Your copy should contain exactly the lines from the start of the material through the line containing "Add some fun", and no pictures.

☆ ☆ ☆

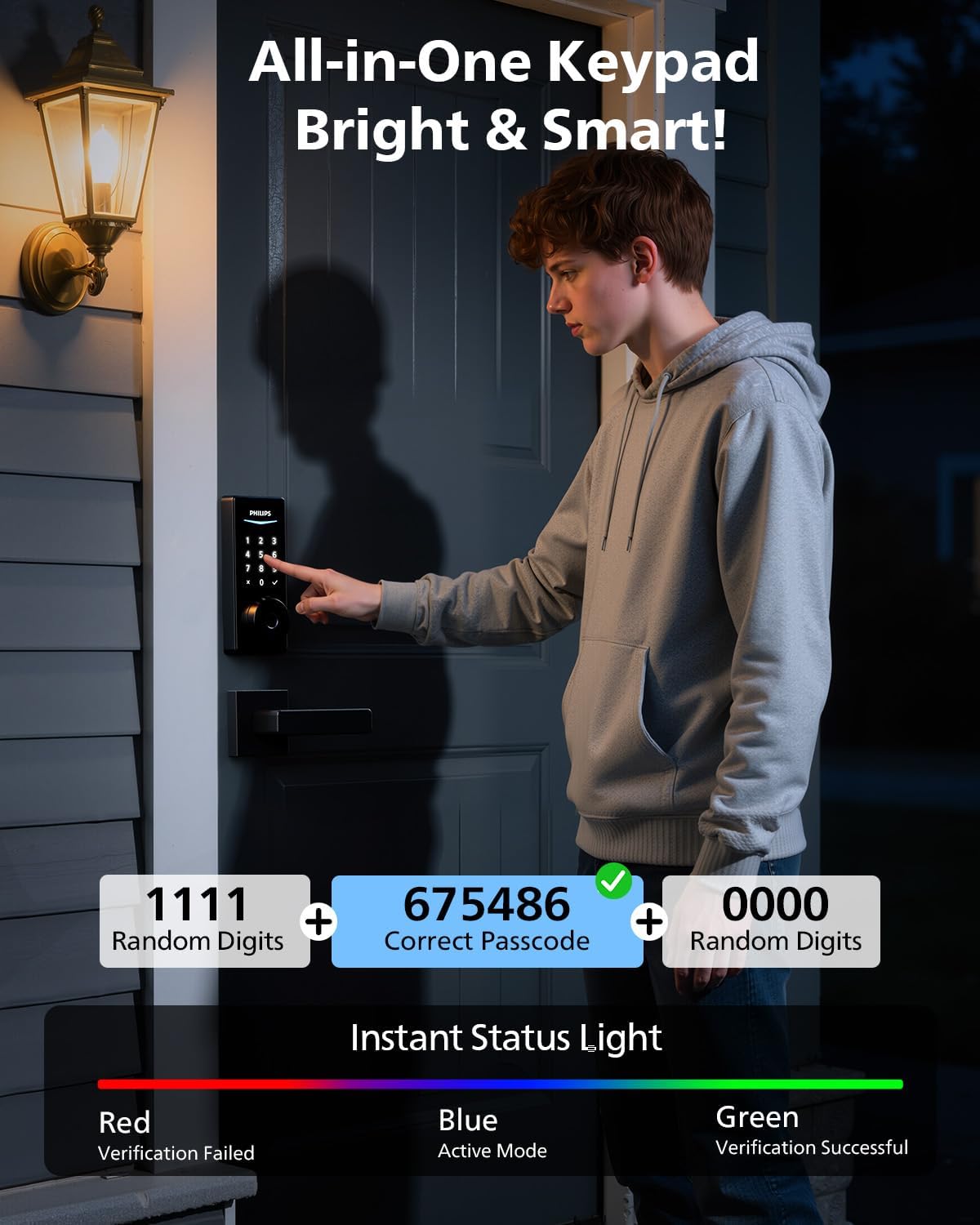 Philips Wi-Fi Smart Lock with Handles, WiFi Keyless Entry Front Door Lock Set, Keypad Deadbolt with Handle App Fingerprint Code Unlocking, Auto Locking, Built-in WiFi, Remote Control & Voice Unlock
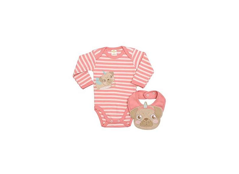 Conjunto body e babador Best Club Baby listrado rosa goiaba e creme com bordado cachorro
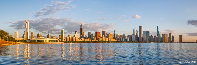 Sunrise on a beautiful summer morning in Chicago, the skyline reflecting in the calm waters of Lake Michigan.
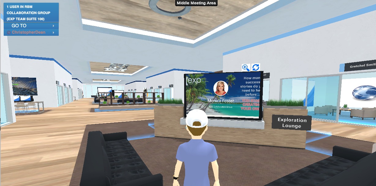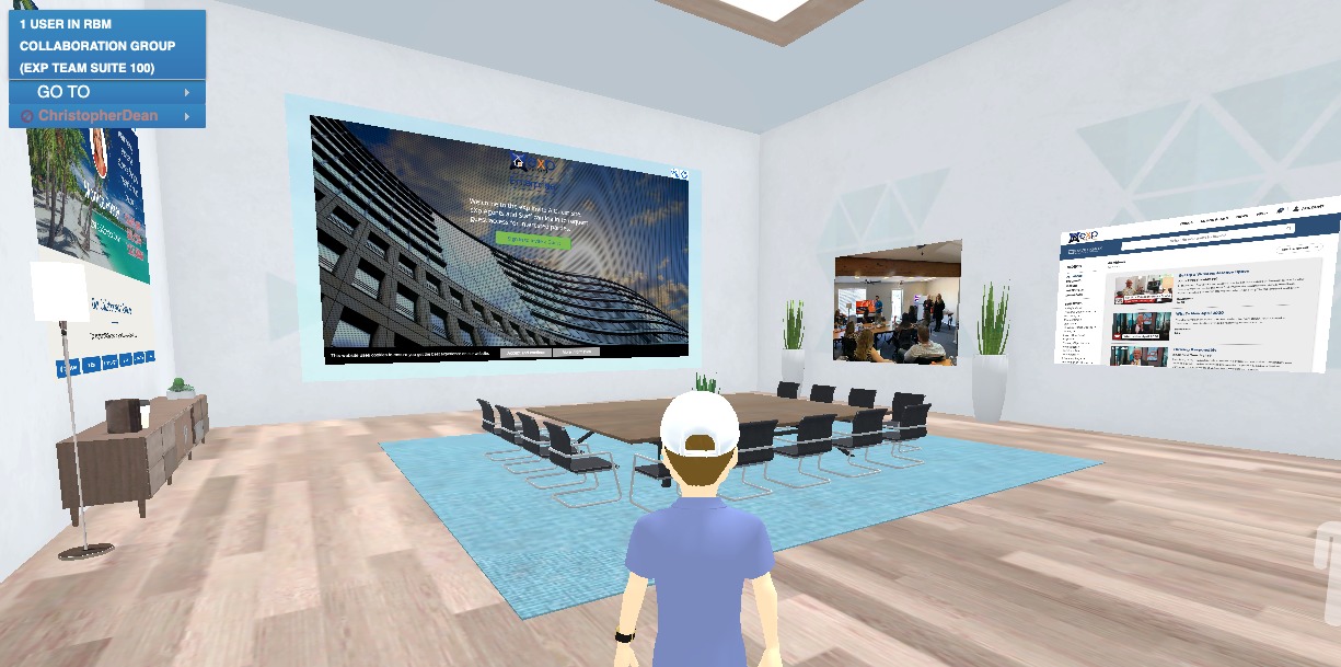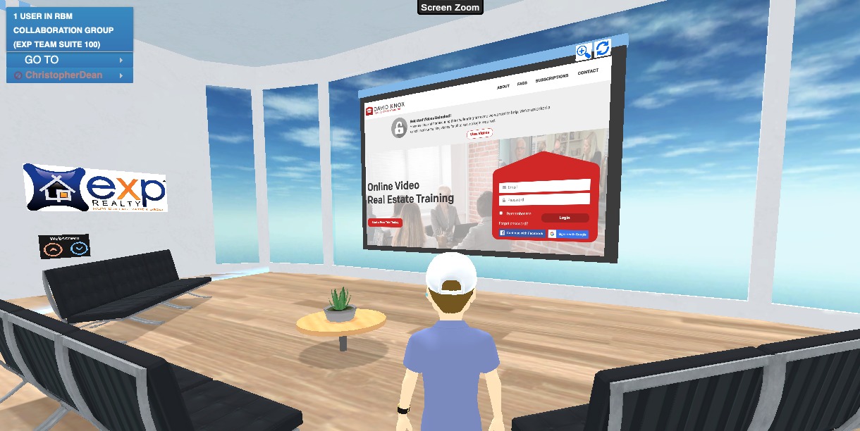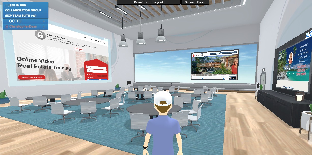 eXp World provides plenty of places to have meetings with your team, downline, other agent prospects and even clients. Any web screen can be used to browse the web, give a presentation, or share your screen. Some larger venues are available for rent.
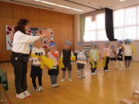 プログラム2番は「4歳児の歌と楽器遊び」。カレーライスの手遊びをしたり、「春がき...
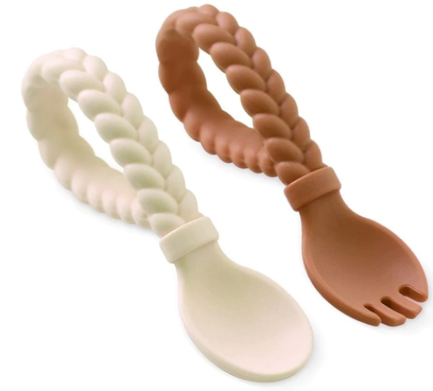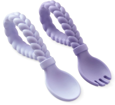 Add some fun fashion to feeding time with These Sweetie Spoons silicone fork and spoon set! Comes in Blue, Purple, and Pink colors with a braided texture to make it easy for little hands to grip and hold.
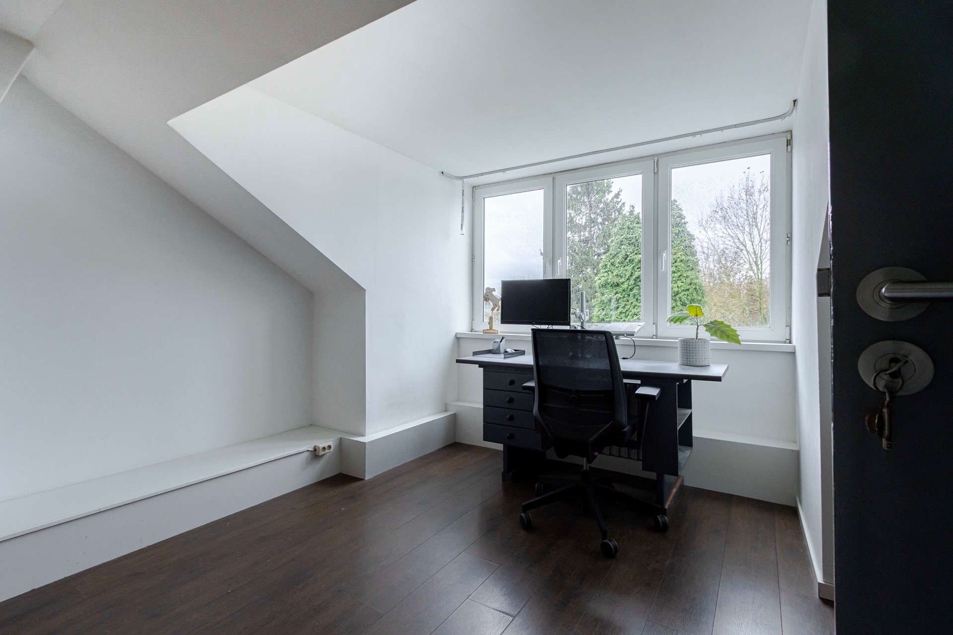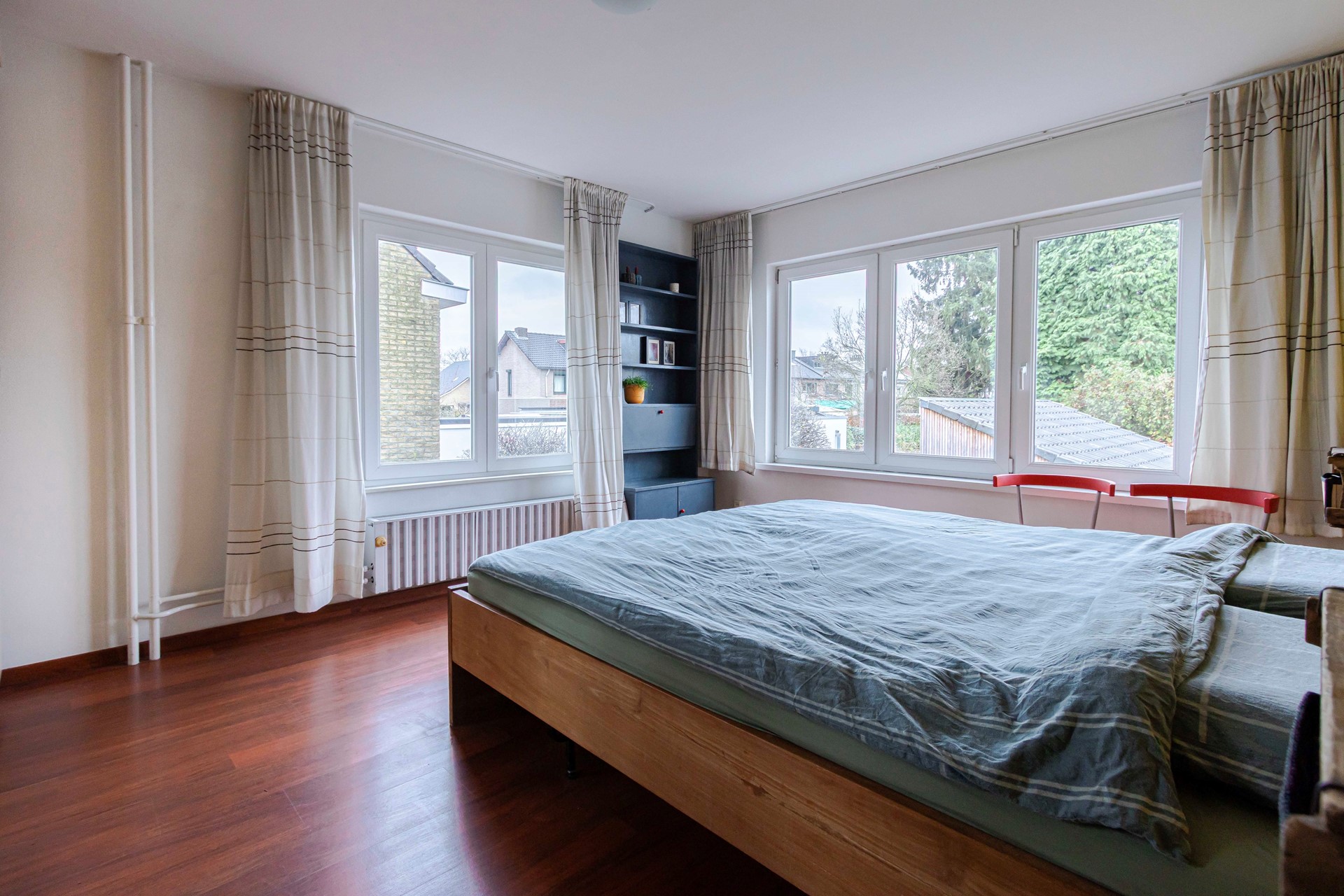 De slaapkamer aan de voorzijde (circa 12 m²) beschikt over een balkon. Aan de tuinzijde liggen twee slaapkamers: een royale kamer van circa 16 m² en een derde kamer van circa 8 m², ideaal als kinderkamer, werkkamer of dressing.
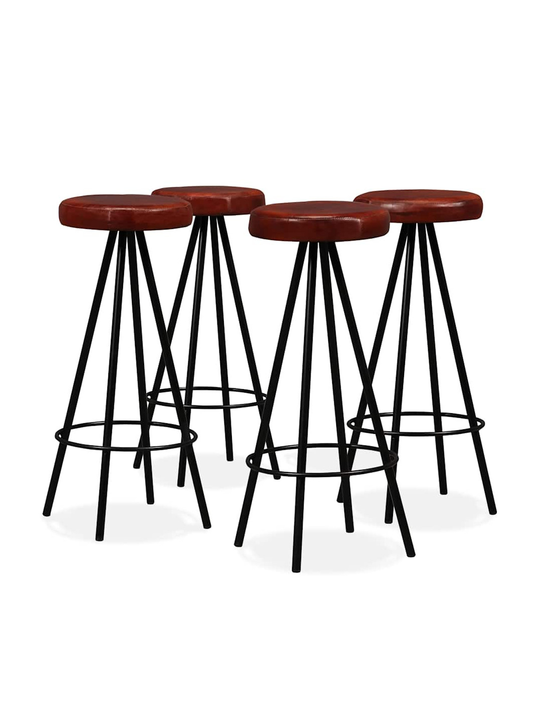 Gli sgabelli da bar sono rivestiti in vera pelle morbida al tatto, che rende gli sgabelli estremamente resistenti e confortevoli. Le robuste gambe in acciaio rendono gli sgabelli molto robusti e ne sottolineano lo spettacolare stile industriale.
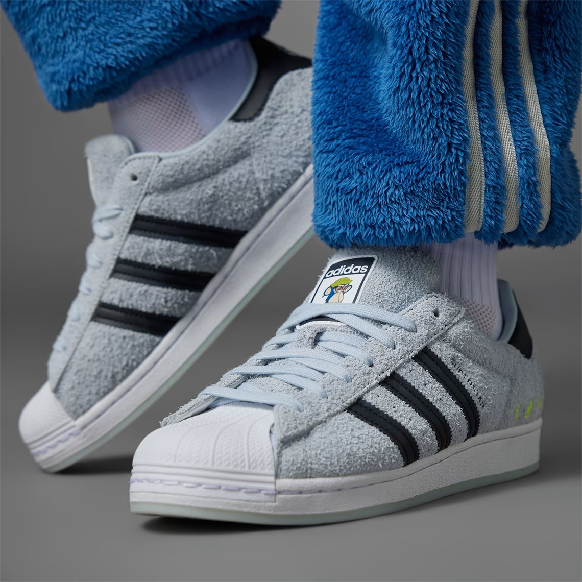 整双鞋以经典的 Superstar 为蓝本,设计灵感主要来自与和元宇宙中的 IP、品牌合作,包括 NFT 先驱 Bored Ape Yacht Club、gmoney 和 PUNKS Comic 背后的团队。

☆ ☆ ☆

== SOLUTION FOR THIS PROBLEM ==
 Philips Wi-Fi Smart Lock with Handles, WiFi Keyless Entry Front Door Lock Set, Keypad Deadbolt with Handle App Fingerprint Code Unlocking, Auto Locking, Built-in WiFi, Remote Control & Voice Unlock
 Conjunto body e babador Best Club Baby listrado rosa goiaba e creme com bordado cachorro
 Sunrise on a beautiful summer morning in Chicago, the skyline reflecting in the calm waters of Lake Michigan.
 eXp World provides plenty of places to have meetings with your team, downline, other agent prospects and even clients. Any web screen can be used to browse the web, give a presentation, or share your screen. Some larger venues are available for rent.
 プログラム2番は「4歳児の歌と楽器遊び」。カレーライスの手遊びをしたり、「春がき...
 Add some fun fashion to feeding time with These Sweetie Spoons silicone fork and spoon set! Comes in Blue, Purple, and Pink colors with a braided texture to make it easy for little hands to grip and hold.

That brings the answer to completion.